Mas, somos milhares que estamos junto ao povo mapuche. Sua bandeira foi símbolo da nossa rebelião onde gritamos pela liberdade dos presos, contra o racismo e a opressão, pela derrogação da lei anti-terrorista, e pelo direito à auto-determinação frente à opressão histórica do Povo Mapuche. Sabemos que tanto os anseios da rebelião de Outubro que buscam derrubar este modelo neoliberal e capitalista, como a luta ancestral pelas reivindicações históricas do povo mapuche, terão uma dura resposta por parte do Estado, os aparatos repressivos e os grupos de choque organizados por grandes empresários, latifundiários, assim como demonstrou o que ocorreu na noite de sábado. A este fascismo institucional e colonial é necessário dizer um forte: Não passarão!

Por isso precisamos ser claros. Esse ataque não pode passar. Se os deixamos passar, a direita e os grupos de choque ficarão encorajados para novas ações, não só contra as comunidades e suas lutas, mas também contra a classe operária, contra o povo pobre, mulheres e jovens que se organizam pelos seus direitos e contra o regime herdado da ditadura. Se deixamos passar esse ataque, seremos mais débeis e a repressão estatal será fortalecida.

É momento de colocar em ação uma enorme solidariedade e mobilização repudiando este ataque e em solidariedade com a causa mapuche, pela liberdade dos presos. Uma enorme solidariedade é a única forma de frear isso.

Por isso o chamado aos sindicatos e organismos de trabalhadores como a CUT, Mesa de Unidade Social, União Portuária, guardas florestais, comunidades e organizações como Assembleias Territoriais e populares, estudantis como a Confech, ACES e CONES, de Direitos Humanos e da esquerda, devemos convocar assembleias imediatamente, rumo a mobilizações em defesa e uma ampla campanha pela liberdade dos presos mapuche, e pena queda da lei anti-protesto e anti-terrorista.

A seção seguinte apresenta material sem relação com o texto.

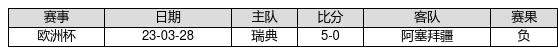 阿塞拜疆 VS 瑞典两队近10年的交战次数为1场,阿塞拜疆0胜0平1负,赢球概率为0%,平局概率为0%,输球概率为100%。
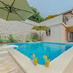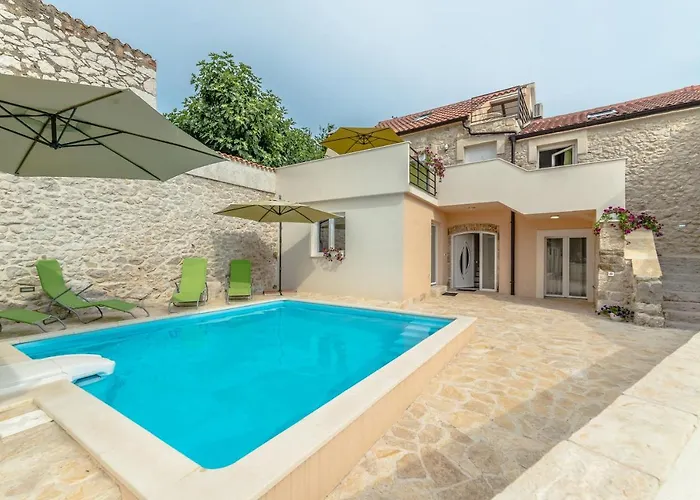 Rustic Villa se encuentra a 3 km del Punta Bajlo Beach y ofrece una piscina con una sauna para que los huéspedes se relajen y desconecten. Con una terraza, la villa está situada a una distancia de 4 km de la Basílica de San Crisógono.

Esta luta deve ser agora. As organizações de massa não podem mais virar a cara, seria criminoso. Na região de La Araucanía, a partir da Assembléia Popular de Temuco devemos convocar à ação com um chamado unitário, e além de chamar todas as organizações, também convocar para essa luta os guardas florestais que são uma grande fortaleza na região, capaz de equilibrar a nossa favor esta e outras lutas

Neste sentido, temos convicção da importância da aliança estratégica do povo mapuche com a classe trabalhadora, já que será através desta unidade operária e popular que se abre a possibilidade de uma expropriação das grandes indústrias, sob controle das trabalhadoras e dos trabalhadores, tomando nas suas mãos o direito de decidir o futuro destas indústrias, em seu direito à auto-determinação nacional e território mapuche; batalha que vai ligada à luta por uma verdadeira Assembleia Constituinte Livre e Soberana e mobilização do conjunto do povo trabalhador junto às comunidades mapuche.